##### Data provided

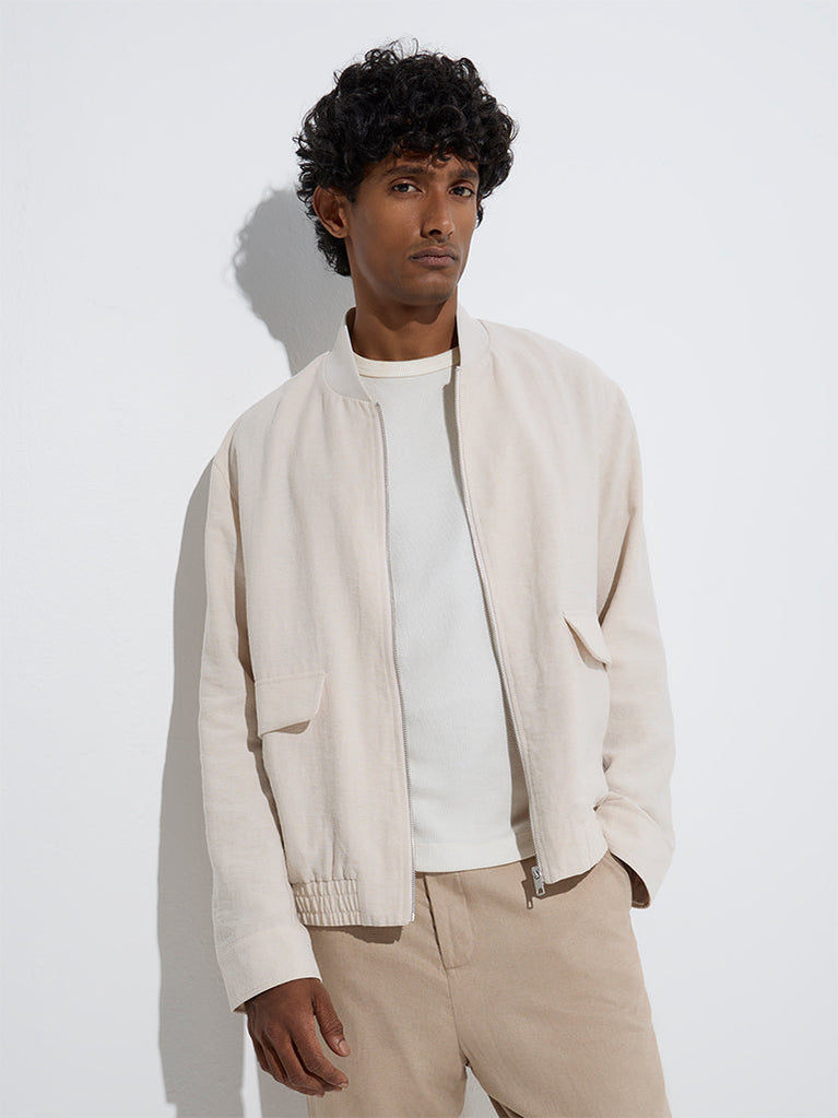 Cut in a relaxed silhouette, this beige bomber jacket from Ascot is made from a linen-blend fabric for a lightweight feel. Designed with a mock collar, full sleeves, and a zipper placket, it’s the perfect layer for transitional weather. Two flap pockets add a functional touch to this stylish piece.
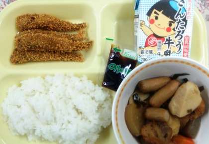 今日の給食のメニューは、鰯のカリカリフライ、洋風おでん、ご飯、海苔の佃煮、牛乳です。
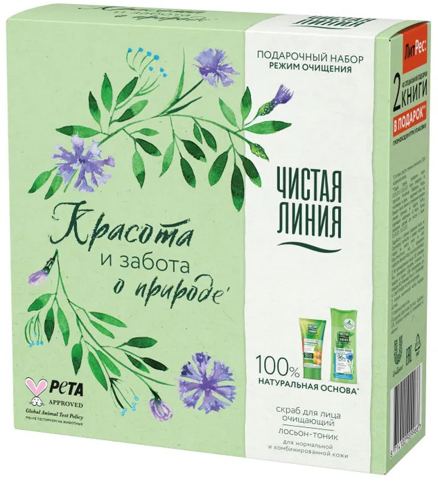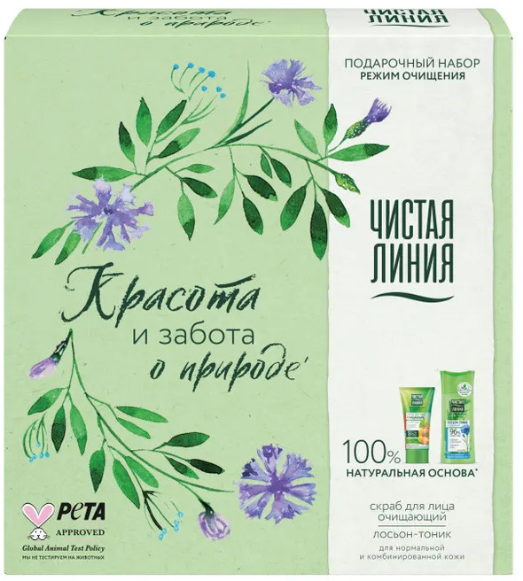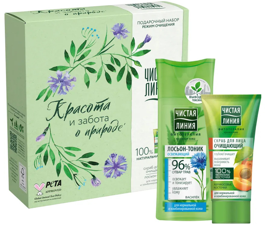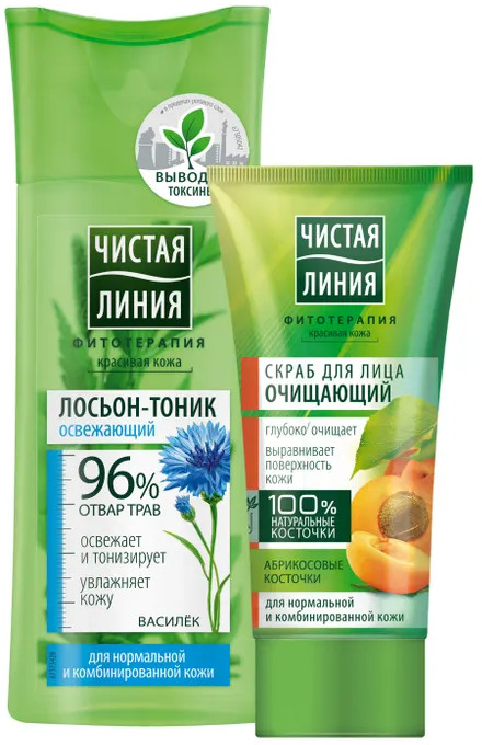 Лосьон-тоник: Aqua, PEG-40 Hydrogenated Castor Oil, Propylene Glycol, Glycerin, Panthenol, Centaurea Cyanus Flower Extract (экстракт василька), Urtica Dioica (Nettle) Leaf Powder (пудра листьев крапивы), Chamomilla Recutita (Matricaria) Flower Extract (экстракт ромашки), Achillea Millefolium Extract (экстракт тысячелистника), Hypericum Perforatum Flower/Leaf/Stem Extract (экстракт зверобоя), Chelidonium Majus Extract (экстракт чистотела), Aloe Barbadensis Leaf Juice (сок алоэ), Citric Acid, Disodium EDTA, DMDM Hydantoin, Parfum, Phenoxyethanol, Potassium Sorbate, Sodium Benzoate, Sodium Hydroxide, Sodium Methylparaben, Sodium Sulfite, Hexyl Cinnamal, Limonene, Linalool, CI 19140, CI 42090.
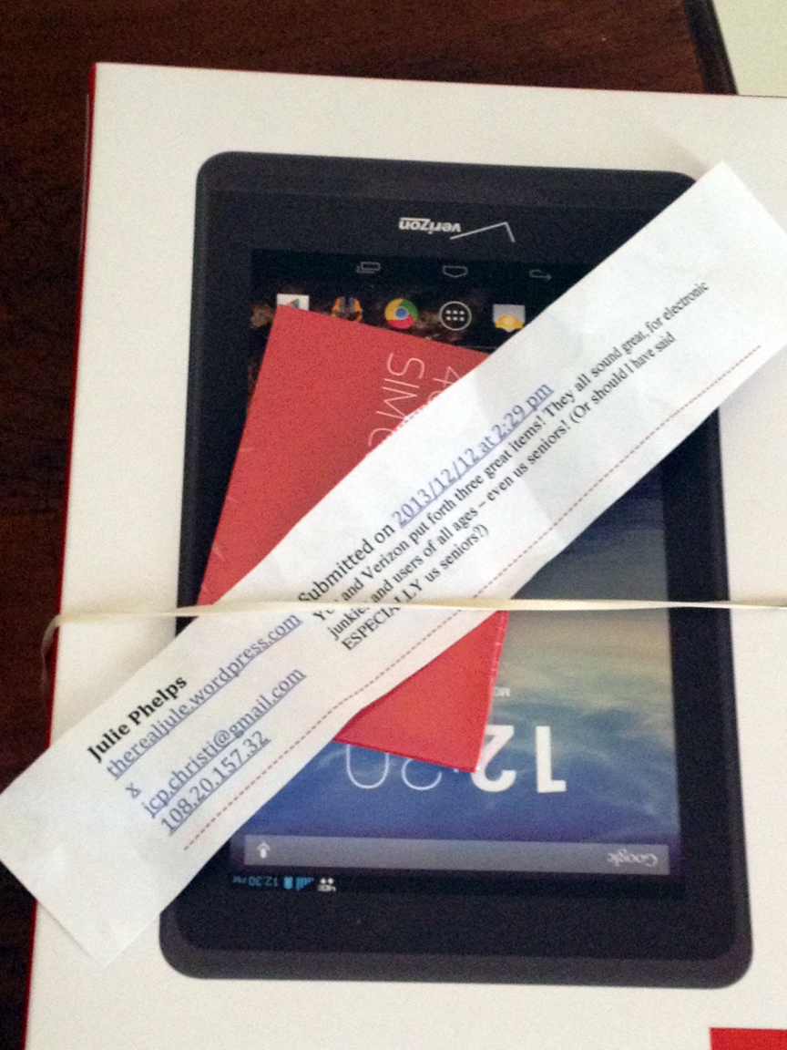 I want to thank Verizon Wireless for sending me such a fabulous mobile device, thus solving my Christmas-shopping dilemma at a time when I can barely leave the house. I also want to thank them for inviting me to be part of this incredible program. I’ve learned so much, and made many wonderful new friends. To all of them—and to you, my loyal readers—a very Happy New Year!
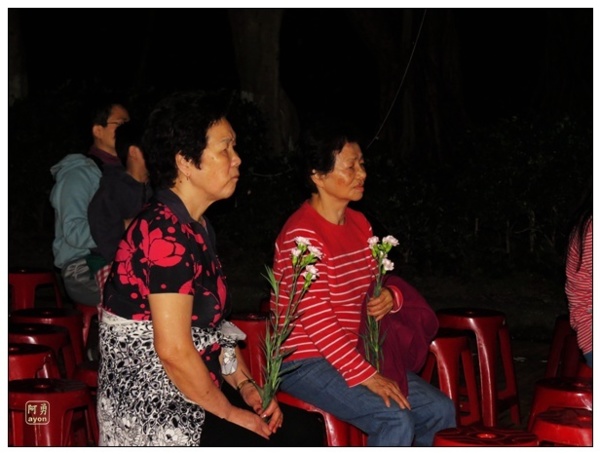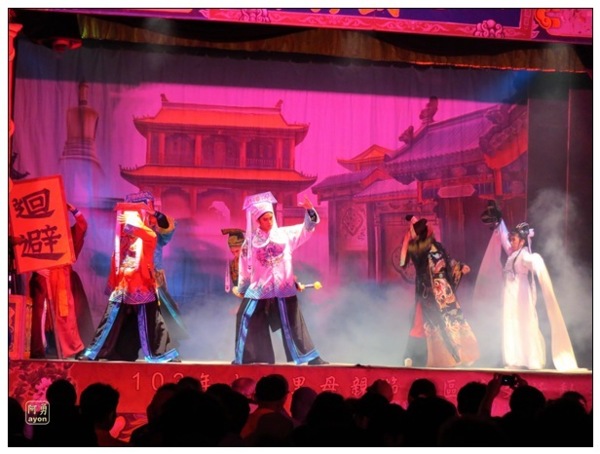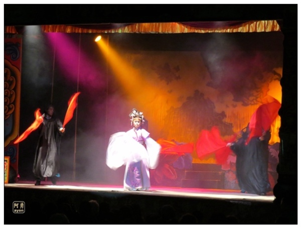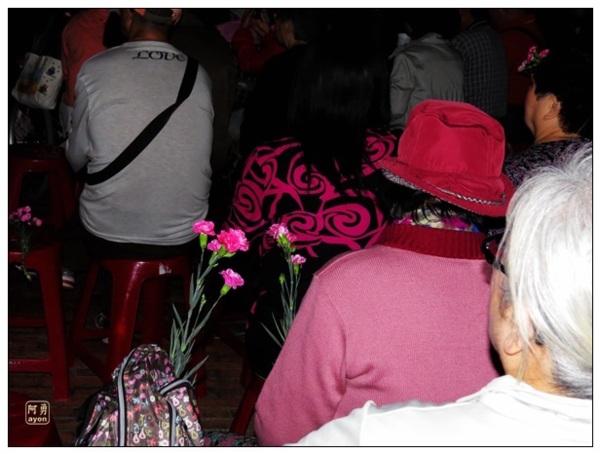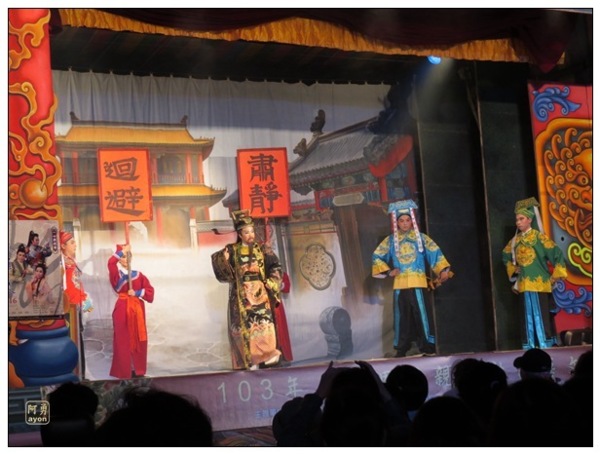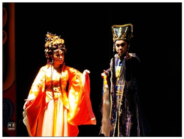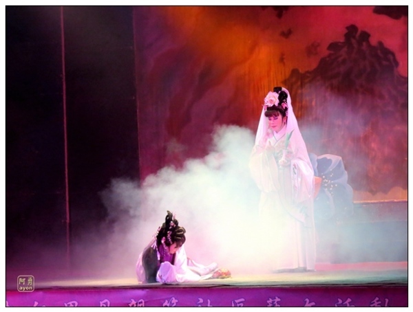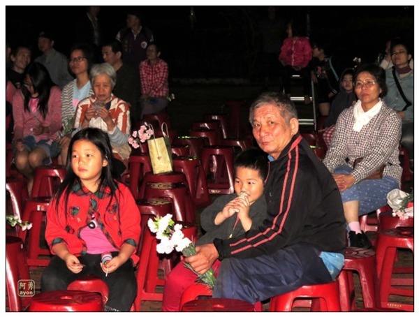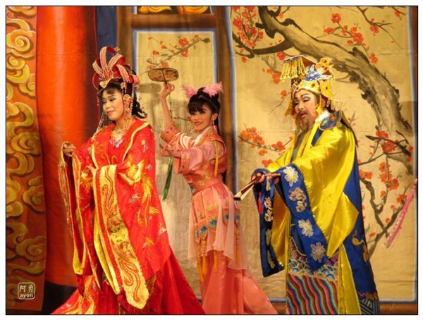 一心歌劇團於台北市社區舉辦的慶祝母親節活動演出的《賢臣迎鳳》,是依據狸貓換太子的故事所改編。狸貓換太子是描述宋仁宗趙禎出生時,被劉太后以剝了皮的狸貓掉包,而被丟入河中,後來由包拯(包青天)平反的故事。這個劇情,幾乎每個歌仔戲劇團都有一套演出腳本。 一般歌仔戲都是配合廟會巡迴各地以野台戲的方式演出。最近,情況有了改變,像這齣戲,一心歌仔戲團曾於臺北中山堂售票演出,也受邀於社區舉辦的慶祝活動中演出。 這齣戲不論從編導、演出、舞台、燈光、服裝、甚至音效,都有很高水準,十分敬業。印象最深刻的火燒碧雲宮場景,以揮灑紅旗的黑衣人加上燈光、音效、煙霧效果,驚心動魄的場面,震攝人心。 現場看到許多母親手持康乃馨專注看戲,我認為,這就是最好的禮物了。母親節那天,除了帶母親去外頭用個餐,買個蛋糕說聲母親節快樂之外,讓母親靜靜的看場好戲。 兒子就讀台灣藝術大學戲劇學系,這學期修了歌仔戲課程,我問他,可以做出一場歌仔戲了嗎?兒子說,還不行!光口白的發音,就摸索了好久、好久......... 呵,兒子呀,慢慢學吧!看似簡單的歌仔戲,裡頭都是學問、學問呢...........
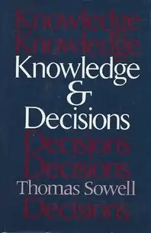 Knowledge and Decisions is a non-fiction book by American economist Thomas Sowell.[1] The book was initially published in 1980 by Basic Books and reissued in 1996.[2] Sowell analyzes social and economic knowledge and how it is transmitted through society, and how that transmission affects decision making. The book's central theme of dispersed knowledge is drawn from F.A. Hayek's article "The Use of Knowledge in Society." Hayek said that this book expanded admirably on his original concepts and made them clear to lay readers, with examples of economic activity drawn from the real world.[3]
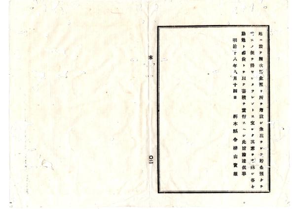 • 解説 N25101142○明治布告布達○天変地異不慮の災害疾病事故不時の出費に備え 郵便局預金所増設 貯蓄実行すべし 栃木県令樺山資雄○明治18年 栃木県布達○和本古書古文書

##########

● Task instructions: Every line above gets copied exactly; none of the pictures do.

● Written response:
 Cut in a relaxed silhouette, this beige bomber jacket from Ascot is made from a linen-blend fabric for a lightweight feel. Designed with a mock collar, full sleeves, and a zipper placket, it’s the perfect layer for transitional weather. Two flap pockets add a functional touch to this stylish piece.
 今日の給食のメニューは、鰯のカリカリフライ、洋風おでん、ご飯、海苔の佃煮、牛乳です。
 Лосьон-тоник: Aqua, PEG-40 Hydrogenated Castor Oil, Propylene Glycol, Glycerin, Panthenol, Centaurea Cyanus Flower Extract (экстракт василька), Urtica Dioica (Nettle) Leaf Powder (пудра листьев крапивы), Chamomilla Recutita (Matricaria) Flower Extract (экстракт ромашки), Achillea Millefolium Extract (экстракт тысячелистника), Hypericum Perforatum Flower/Leaf/Stem Extract (экстракт зверобоя), Chelidonium Majus Extract (экстракт чистотела), Aloe Barbadensis Leaf Juice (сок алоэ), Citric Acid, Disodium EDTA, DMDM Hydantoin, Parfum, Phenoxyethanol, Potassium Sorbate, Sodium Benzoate, Sodium Hydroxide, Sodium Methylparaben, Sodium Sulfite, Hexyl Cinnamal, Limonene, Linalool, CI 19140, CI 42090.
 I want to thank Verizon Wireless for sending me such a fabulous mobile device, thus solving my Christmas-shopping dilemma at a time when I can barely leave the house. I also want to thank them for inviting me to be part of this incredible program. I’ve learned so much, and made many wonderful new friends. To all of them—and to you, my loyal readers—a very Happy New Year!
 一心歌劇團於台北市社區舉辦的慶祝母親節活動演出的《賢臣迎鳳》,是依據狸貓換太子的故事所改編。狸貓換太子是描述宋仁宗趙禎出生時,被劉太后以剝了皮的狸貓掉包,而被丟入河中,後來由包拯(包青天)平反的故事。這個劇情,幾乎每個歌仔戲劇團都有一套演出腳本。 一般歌仔戲都是配合廟會巡迴各地以野台戲的方式演出。最近,情況有了改變,像這齣戲,一心歌仔戲團曾於臺北中山堂售票演出,也受邀於社區舉辦的慶祝活動中演出。 這齣戲不論從編導、演出、舞台、燈光、服裝、甚至音效,都有很高水準,十分敬業。印象最深刻的火燒碧雲宮場景,以揮灑紅旗的黑衣人加上燈光、音效、煙霧效果,驚心動魄的場面,震攝人心。 現場看到許多母親手持康乃馨專注看戲,我認為,這就是最好的禮物了。母親節那天,除了帶母親去外頭用個餐,買個蛋糕說聲母親節快樂之外,讓母親靜靜的看場好戲。 兒子就讀台灣藝術大學戲劇學系,這學期修了歌仔戲課程,我問他,可以做出一場歌仔戲了嗎?兒子說,還不行!光口白的發音,就摸索了好久、好久......... 呵,兒子呀,慢慢學吧!看似簡單的歌仔戲,裡頭都是學問、學問呢...........
 Knowledge and Decisions is a non-fiction book by American economist Thomas Sowell.[1] The book was initially published in 1980 by Basic Books and reissued in 1996.[2] Sowell analyzes social and economic knowledge and how it is transmitted through society, and how that transmission affects decision making. The book's central theme of dispersed knowledge is drawn from F.A. Hayek's article "The Use of Knowledge in Society." Hayek said that this book expanded admirably on his original concepts and made them clear to lay readers, with examples of economic activity drawn from the real world.[3]
 • 解説 N25101142○明治布告布達○天変地異不慮の災害疾病事故不時の出費に備え 郵便局預金所増設 貯蓄実行すべし 栃木県令樺山資雄○明治18年 栃木県布達○和本古書古文書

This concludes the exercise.